## What is needed
Each record below should be output verbatim, without pictures.

## Input
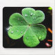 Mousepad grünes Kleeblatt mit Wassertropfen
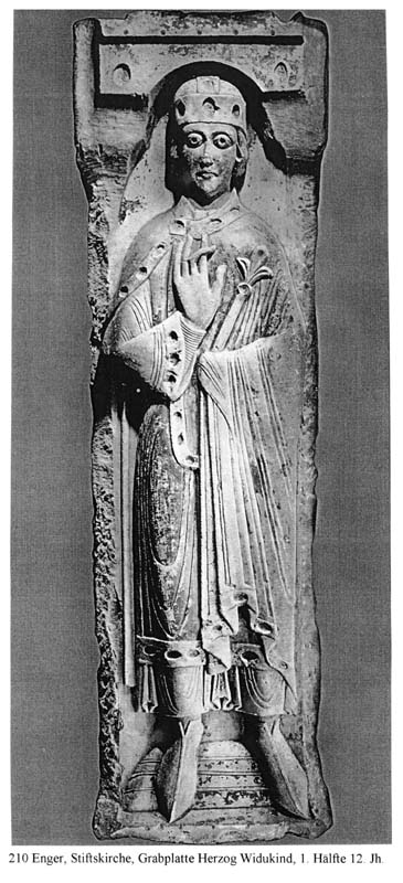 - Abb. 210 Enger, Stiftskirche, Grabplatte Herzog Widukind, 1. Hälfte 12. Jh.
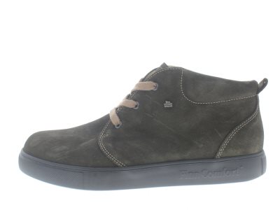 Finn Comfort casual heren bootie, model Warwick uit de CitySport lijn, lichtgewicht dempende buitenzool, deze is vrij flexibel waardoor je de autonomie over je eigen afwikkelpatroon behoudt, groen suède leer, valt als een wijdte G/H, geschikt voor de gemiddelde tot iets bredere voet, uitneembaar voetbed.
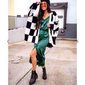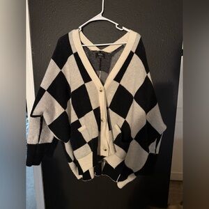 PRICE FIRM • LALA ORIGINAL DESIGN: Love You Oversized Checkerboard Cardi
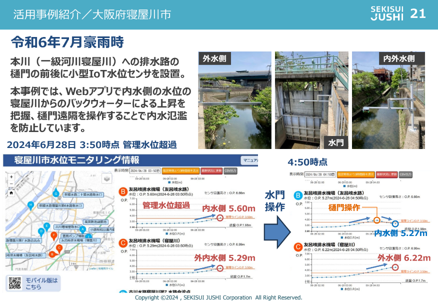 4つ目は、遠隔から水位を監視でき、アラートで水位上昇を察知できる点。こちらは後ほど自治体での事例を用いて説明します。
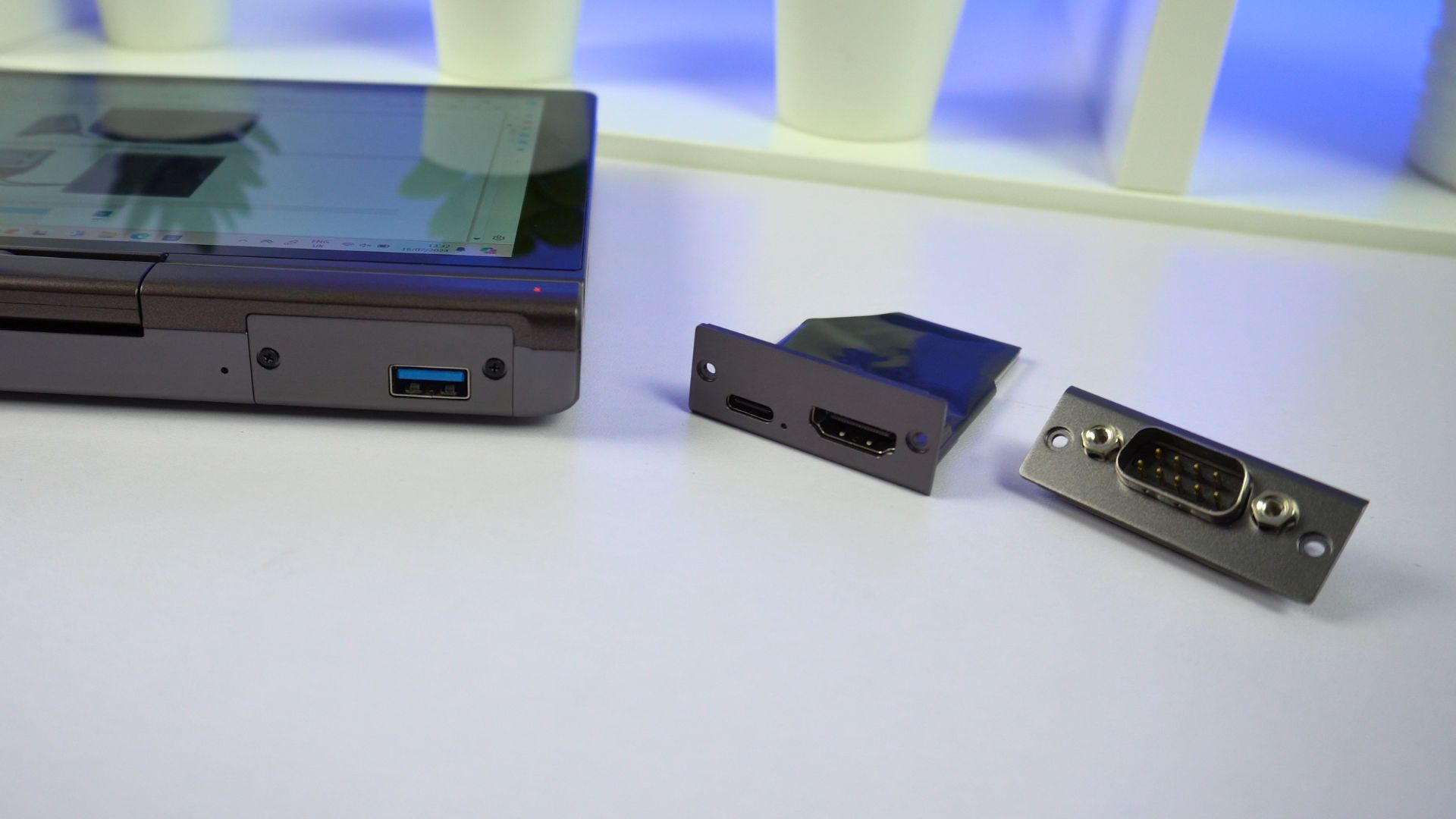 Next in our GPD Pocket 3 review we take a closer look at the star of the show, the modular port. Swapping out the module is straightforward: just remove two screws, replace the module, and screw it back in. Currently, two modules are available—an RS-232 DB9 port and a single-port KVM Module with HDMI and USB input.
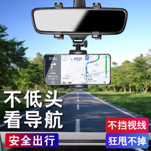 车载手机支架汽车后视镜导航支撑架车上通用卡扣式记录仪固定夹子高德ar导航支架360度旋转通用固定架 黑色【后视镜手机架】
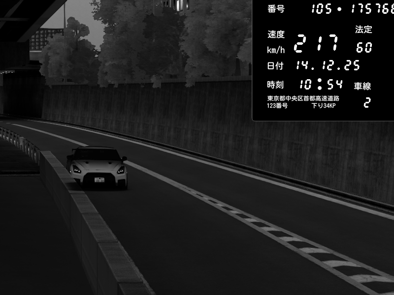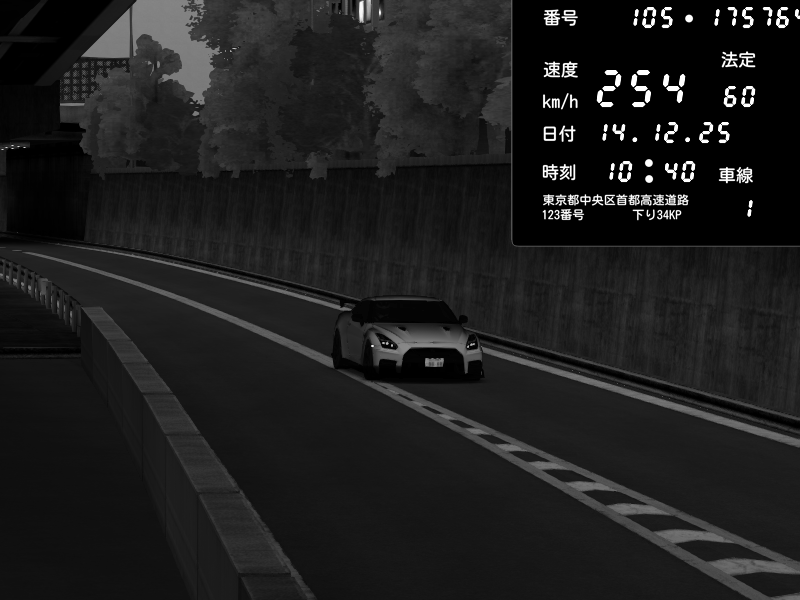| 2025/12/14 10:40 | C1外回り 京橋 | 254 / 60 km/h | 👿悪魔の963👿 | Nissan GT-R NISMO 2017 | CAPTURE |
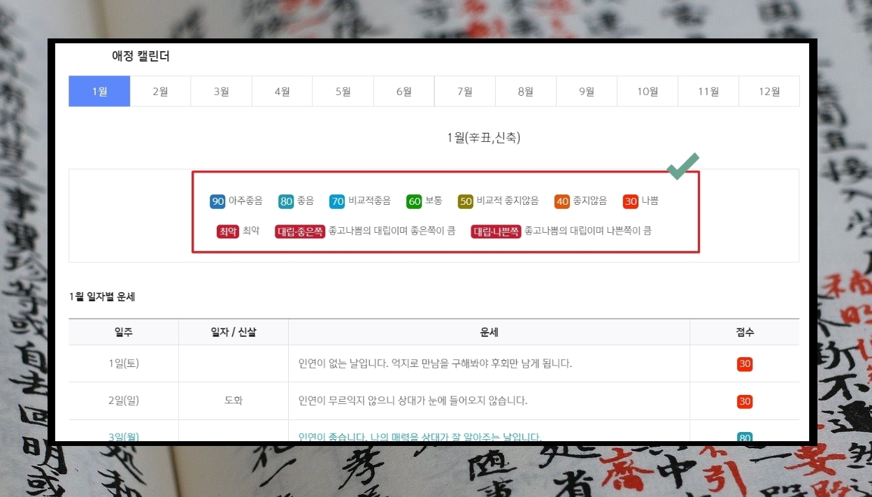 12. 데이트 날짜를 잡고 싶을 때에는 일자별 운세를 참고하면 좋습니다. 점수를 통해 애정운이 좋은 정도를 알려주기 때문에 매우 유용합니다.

## Reply to the exercise
 Mousepad grünes Kleeblatt mit Wassertropfen
 - Abb. 210 Enger, Stiftskirche, Grabplatte Herzog Widukind, 1. Hälfte 12. Jh.
 Finn Comfort casual heren bootie, model Warwick uit de CitySport lijn, lichtgewicht dempende buitenzool, deze is vrij flexibel waardoor je de autonomie over je eigen afwikkelpatroon behoudt, groen suède leer, valt als een wijdte G/H, geschikt voor de gemiddelde tot iets bredere voet, uitneembaar voetbed.
 PRICE FIRM • LALA ORIGINAL DESIGN: Love You Oversized Checkerboard Cardi
 4つ目は、遠隔から水位を監視でき、アラートで水位上昇を察知できる点。こちらは後ほど自治体での事例を用いて説明します。
 Next in our GPD Pocket 3 review we take a closer look at the star of the show, the modular port. Swapping out the module is straightforward: just remove two screws, replace the module, and screw it back in. Currently, two modules are available—an RS-232 DB9 port and a single-port KVM Module with HDMI and USB input.
 车载手机支架汽车后视镜导航支撑架车上通用卡扣式记录仪固定夹子高德ar导航支架360度旋转通用固定架 黑色【后视镜手机架】
| 2025/12/14 10:40 | C1外回り 京橋 | 254 / 60 km/h | 👿悪魔の963👿 | Nissan GT-R NISMO 2017 | CAPTURE |
 12. 데이트 날짜를 잡고 싶을 때에는 일자별 운세를 참고하면 좋습니다. 점수를 통해 애정운이 좋은 정도를 알려주기 때문에 매우 유용합니다.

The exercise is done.